Based on JASPER database, we found that there were binding sites between KLF5 and MX1 promoter region, and luciferase reporter assay and coefficient analysis further identified their binding relationship. Moreover, KLF5 was assessed to be increased in renal tissues of MRL/lpr mice and the peripheral blood of LN patients. Reportedly, KLF5 could regulate fibrosis in a variety of organs, including kidney, ¹⁴ heart, ³² liver, ³³ and lung. ³⁴ Chen et al. ³⁵ demonstrated that KLF5 was expressed in tubular cells and associated with the pathogenesis of renal fibrosis in fibrotic kidneys. Knockdown of KLF5 markedly diminished the expression of TGF‐β1, α‐SMA, and collagen‐1, ultimately attenuating fibrotic lesions. ³⁶ In addition, KLF5 has been identified as a transcription factor of interferon‐induced transmembrane proteins in human alveolar basal epithelial cells to protect against H5N1 virus infection. ³⁷ Our data verified that downregulation of KLF5 alone improved renal injury and fibrosis in MRL/lpr mice, accompanied by declined levels of urine protein, serum creatinine, blood urea nitrogen, serum dsDNA, and fibrosis‐related proteins. However, overexpression of interferon‐inducible MX1 boosted renal histopathology and renal dysfunction in the presence of KLF5 suppression. Subsequently, we conducted in vitro experiments to further confirm the results of the in vivo experiment by inducing HK‐2 cell fibrosis with TGF‐β1.

5. CONCLUSION

In conclusion, our study elucidated the protective effect of the loss of KLF5 by inhibiting the transcription level of MX1 in LN‐induced renal fibrosis and injury. To our knowledge, this is the first evidence for the regulatory mechanism of KLF5 and MX1 in LN‐triggered renal injury. The results of our experiments may provide a novel avenue in the field of prevention and management of renal injury in LN. Additionally, we only used female mice in this study, so the obtained results were not fully representative of all mice. Therefore, further research with both female and male mice is warranted in the future.

AUTHOR CONTRIBUTIONS

Shanshan Tao: conceived the ideas (lead); designed the experiments (lead); performed the experiments (lead); analyzed the data (lead); provided critical materials (lead); wrote the manuscript (lead). Xiao Tan: performed the experimentsm (equal); analyzed the data (equal); wrote the manuscript (equal). Wen Chai: performed the experiments (equal); analyzed the data (equal). Xiaojie Peng: performed the experiments (equal). Weimin Zheng: analyzed the data (equal); wrote the manuscript (equal). Rui Fu: wrote the manuscript (equal). Meihui Deng: conceived the ideas (equal); designed the experiments (equal); provided critical materials(equal); supervised the study (lead).
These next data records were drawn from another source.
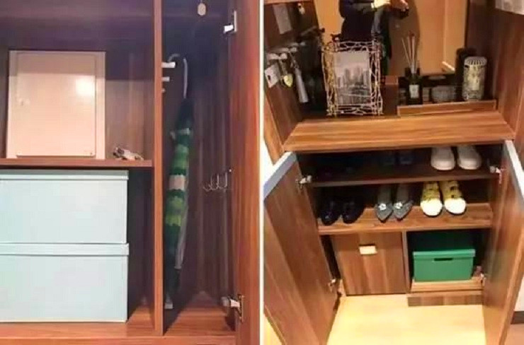 ·玄關(guān):90㎡的戶型做玄關(guān)也較為常見,但較于普通玄關(guān)收納,保利鈴蘭公館的收納更為實用。除下方鞋柜外,縱向的掛衣桿方便出入時放置衣物,開放式的物臺便于放置東西,下方還準(zhǔn)備了換鞋坐凳,并帶有儲物功能。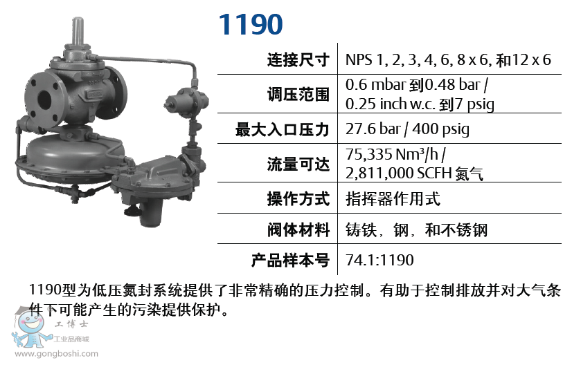 1190型為低壓氮封系統提供了非常精確的壓力控制。有助于控制排放并對大氣條件下可能產生的污染提供保護。
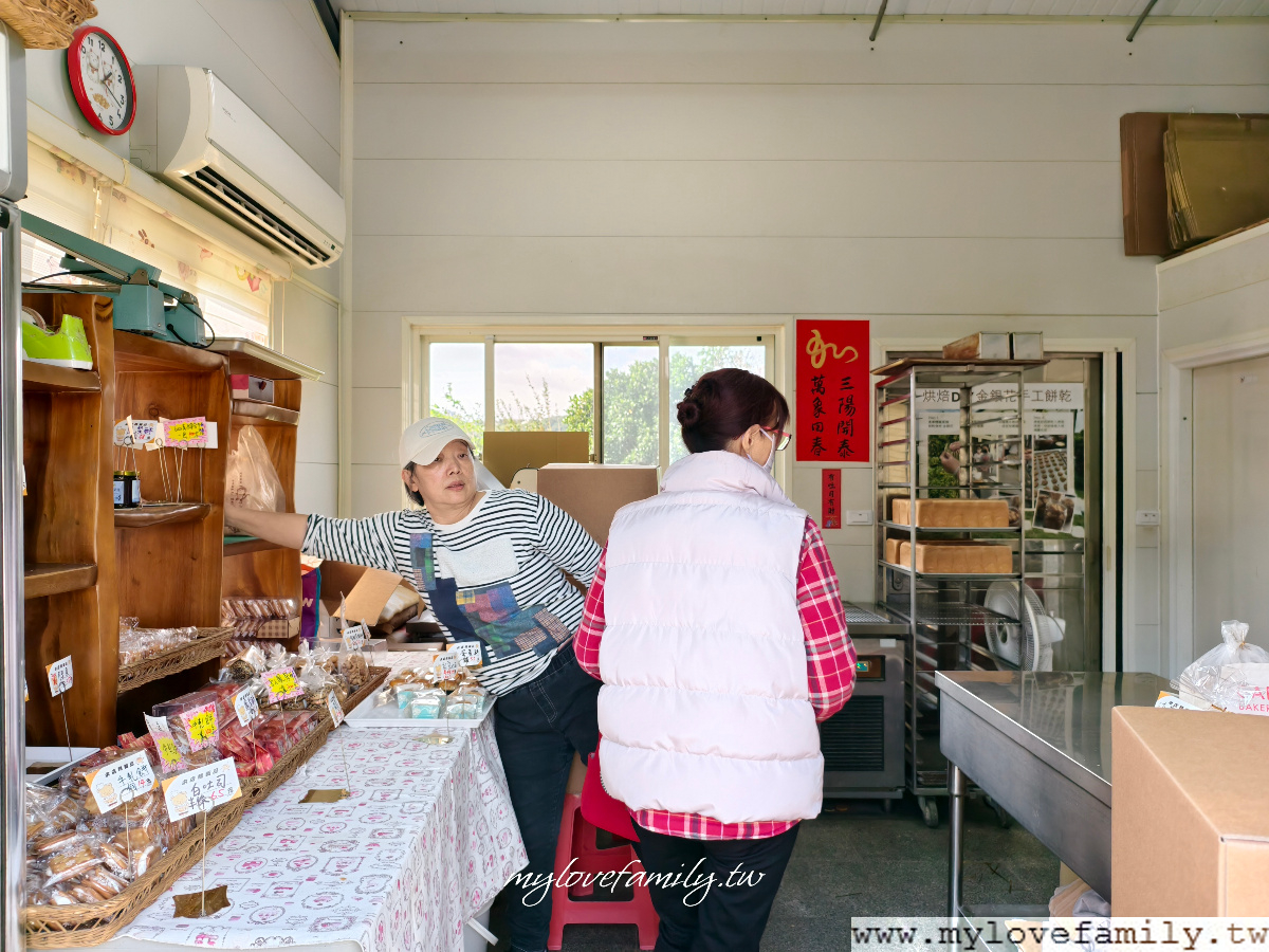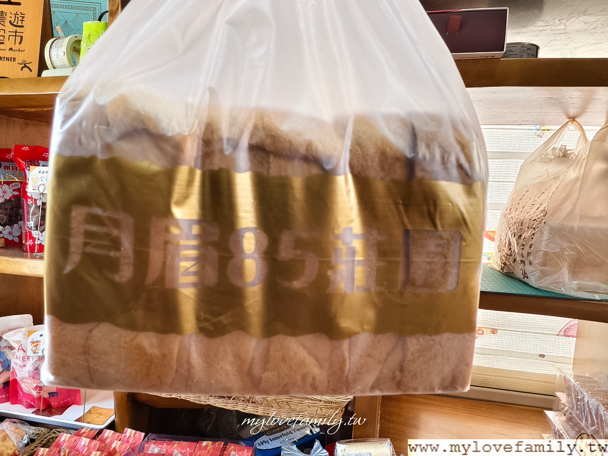 花田旁的【月眉85莊園】,連招牌都不明顯,如此低調的烘焙小店,怎會有不少客人都是電話預定專程從台北而來呢?google【月眉85莊園】資訊,原來,老闆李汪熙師傅是台北市知名的「凱樂烘焙坊」的業主之一,退休後,回到大溪月眉農村,李師傅運用當地食材製作出美味的麵包和糕餅,不少跟我們一樣來這旅行的旅人們,買過【月眉85莊園】的吐司後,嘴巴就黏住了。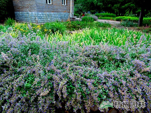 荊芥叢生狀明顯,莖葉常呈匍匐狀,花量大,色澤較淡,常出現(xiàn)在較古樸的花境景觀中,可用于軟化建筑、巖石、松柏等生硬的線條。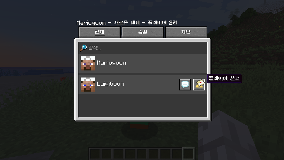 플레이어 신고 화면에서 나갈 때 신고 내용을 삭제하거나 임시 저장할 수 있습니다. 사망 등을 이유로 화면을 강제로 닫았다면 임시 저장은 항상 유지되며, 임시 저장된 내용은 플레이어가 서버 또는 세계를 떠날 때까지 보관됩니다.
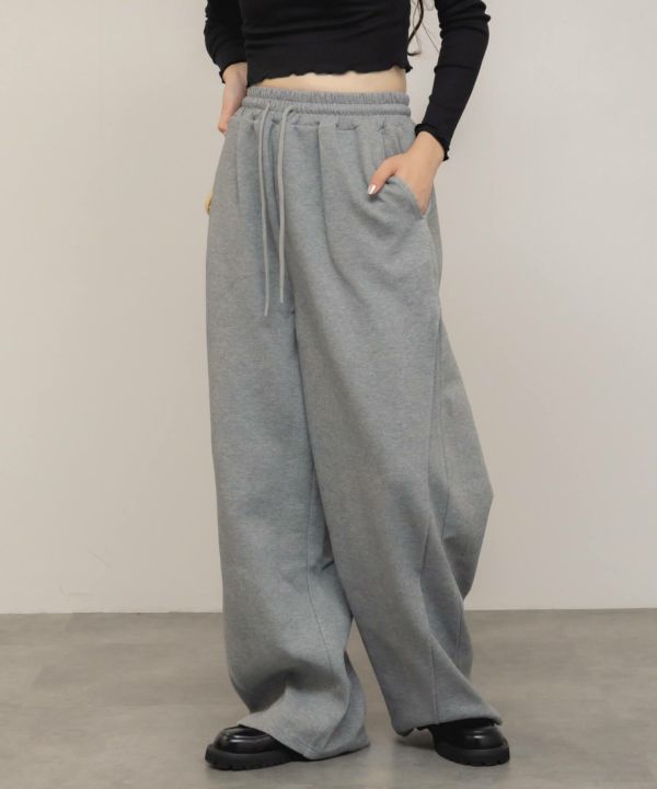 立体的なカーブシルエットが旬なルックのスウェットパンツ。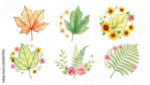 © Ahingska, Obraz premium Autumn Leaves Sunflowers Roses Fern Floral Wreath Watercolor Botanical Illustration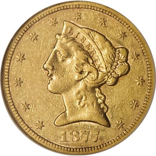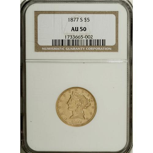 1877-S $5 AU50 NGC. A low mintage/low availability S-m
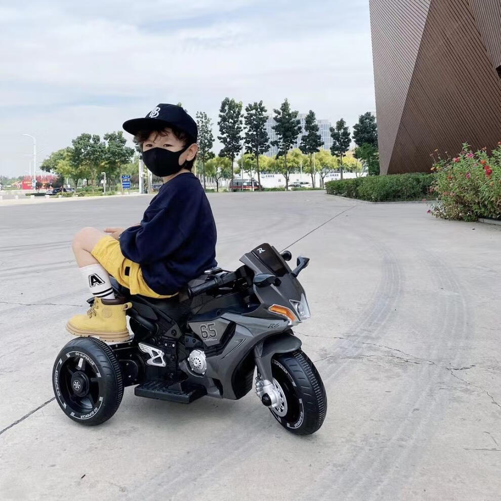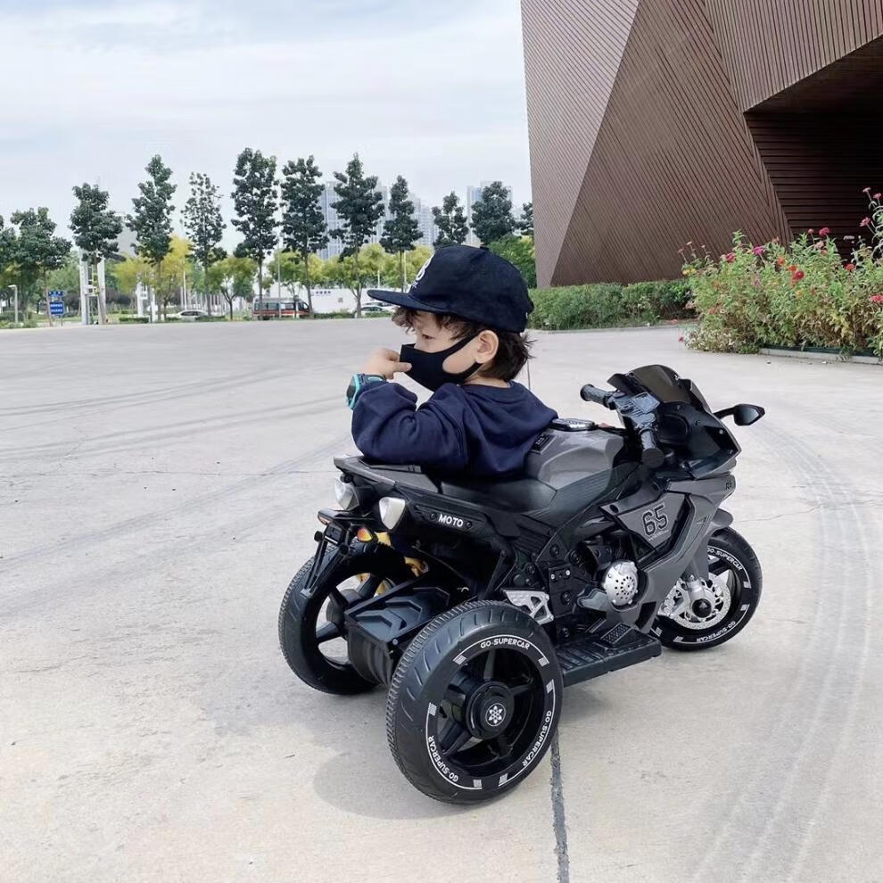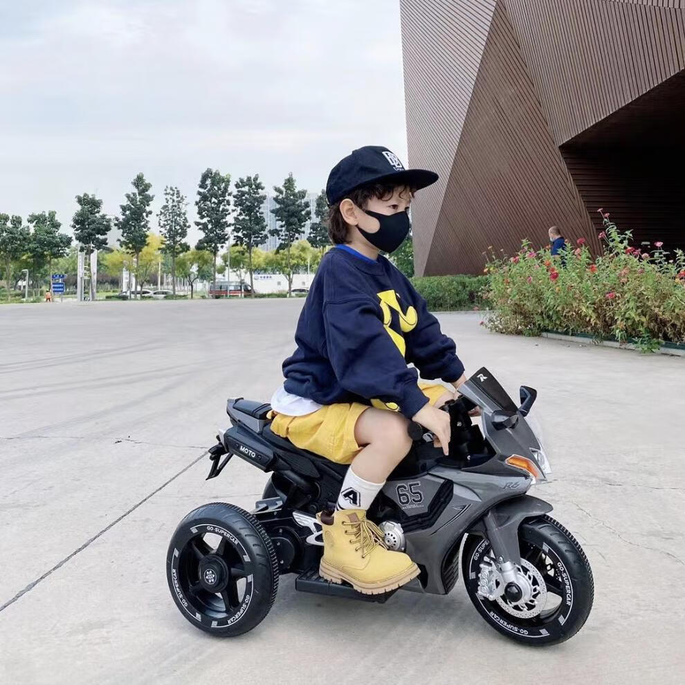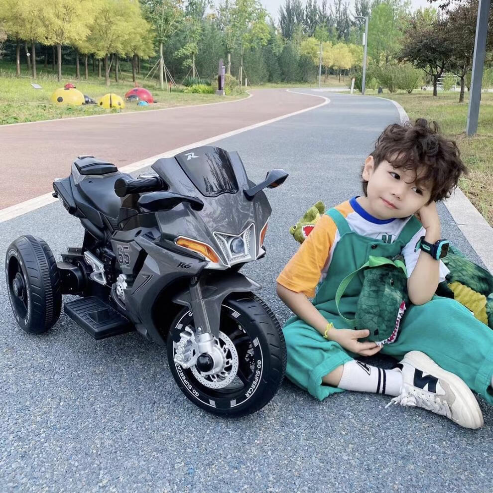 Dianmai can sit on people 1-5 years old, charging remote control children's electric motorcycle tricycle for boys and girls, toy car, high-grade gray - small battery - single drive - music and lighting

CONFLICT OF INTEREST STATEMENT

The authors declare no conflicts of interest.

Supporting information

Supplementary figure 1 Detection of the expression of fibrosis‐related proteins with western blot analysis. Notes: A‐F, the protein expression of α‐SMA, TGF‐β, CTGF, Col I, FN, and MMP9 in mouse renal tissues was assessed by western blot analysis, N = 8. The t‐test was applied to measure the comparison between the two groups, and one‐way analysis of variance was employed for comparisons among multiple groups with Tukey's multiple comparisons test used for post hoc analysis, * and ^#, P < 0.05. Col I, type I collagen; FN, fibronectin; MMP9, matrix metalloproteinase 9.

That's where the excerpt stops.